Une quatrième vague de la campagne malveillante GlassWorm frappe spécifiquement les développeurs travaillant sur macOS. Les chercheurs en sécurité ont découvert que des extensions compromises sur OpenVSX et Microsoft Visual Studio Marketplace déploient des chevaux de Troie capables de remplacer des applications de portefeuilles de cryptomonnaies et de dérober des mots de passe iCloud.

MacBook Air M4 2025 13 et 15 Pouces

Après Windows, le malware GlassWorm vise les Mac

Contrairement aux précédentes itérations qui visaient Windows, cette nouvelle offensive se concentre exclusivement sur Apple et les Mac. Les pirates ont infiltré OpenVSX, une alternative open source au marché de Microsoft, en y plaçant des extensions corrompues. Les chercheurs de Koi Security ont identifié trois extensions spécifiques contenant la charge utile malveillante :

  • studio-velte-distributor.pro-svelte-extension
  • cudra-production.vsce-prettier-pro
  • Puccin-development.full-access-catppuccin-pro-extension

Bien que les compteurs de téléchargement affichent plus de 33 000 installations, ces chiffres sont souvent manipulés artificiellement par les hackers pour crédibiliser leurs leurres. Ces extensions utilisent désormais une payload chiffré en AES-256-CBC, dissimulé dans du code JavaScript compilé et intègrent un délai d’exécution de 15 minutes pour tromper les outils d’analyse en bac à sable (sandbox).

Les portefeuilles cryptos et mots de passe sont visés

L’architecture du malware a été adaptée pour macOS. Il abandonne PowerShell et le registre de Windows au profit d’AppleScript et des LaunchAgents pour assurer sa persistance sur la machine infectée. Le mécanisme de commande et contrôle (C2), basé sur la blockchain Solana, reste cependant inchangé.

Cette version de GlassWorm étend ses capacités de vol de données avec

  • Vol d’identifiants développeurs : ciblage des comptes GitHub et NPM.
  • Exfiltration de mots de passe : tentative de récupération des accès stockés dans le trousseau iCloud.
  • Remplacement d’applications : le logiciel malveillant détecte la présence d’applications de portefeuilles physiques comme Ledger Live et Trezor Suite pour les remplacer par des versions incluant un cheval de Troie.

GlassWorm Malware Mac

Toutefois, Koi Security note que cette fonction de remplacement de portefeuille échoue pour le moment, les fichiers récupérés étant vides. Cela suggère que les hackers préparent encore ses versions vérolées ou que l’infrastructure est en cours de transition.

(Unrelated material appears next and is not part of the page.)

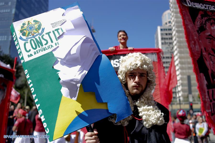 SAO PAULO, agosto 10, 2018 (Xinhua) -- Una persona sosteniendo un cartel participa durante la movilización "El día del basta", frente a la Federación de las Industrias del Estado de Sao Paulo (FIESP), en el centro de Sao Paulo, Brasil, el 10 de agosto de 2018. Ocho de las principales centrales sindicales de Brasil se manifestaron hoy en al menos 14 ciudades del país contra el desempleo, la reforma laboral y la reforma de la seguridad social que busca aprobar el gobierno. Los manifestantes también pidieron la libertad del ex presidente Luiz Inácio Lula da Silva (2003-2010), quien actualmente está preso. (Xinhua/Dario Oliveira/ZUMAPRESS)

Cette campagne, active depuis octobre avec des méthodes variant des caractères Unicode invisibles aux binaires Rust, prouve la persévérance du groupe de hackers. Les développeurs ayant installé l’une des extensions incriminées doivent agir immédiatement.

Il est impératif de supprimer ces extensions, de réinitialiser les mots de passe des comptes GitHub et de révoquer les tokens NPM. Une vérification complète de macOS ou une réinstallation propre est recommandée pour éliminer toute trace d’infection persistante. Bien que la plateforme OpenVSX affiche désormais un avertissement sur certains éditeurs non vérifiés, la vigilance reste de mise.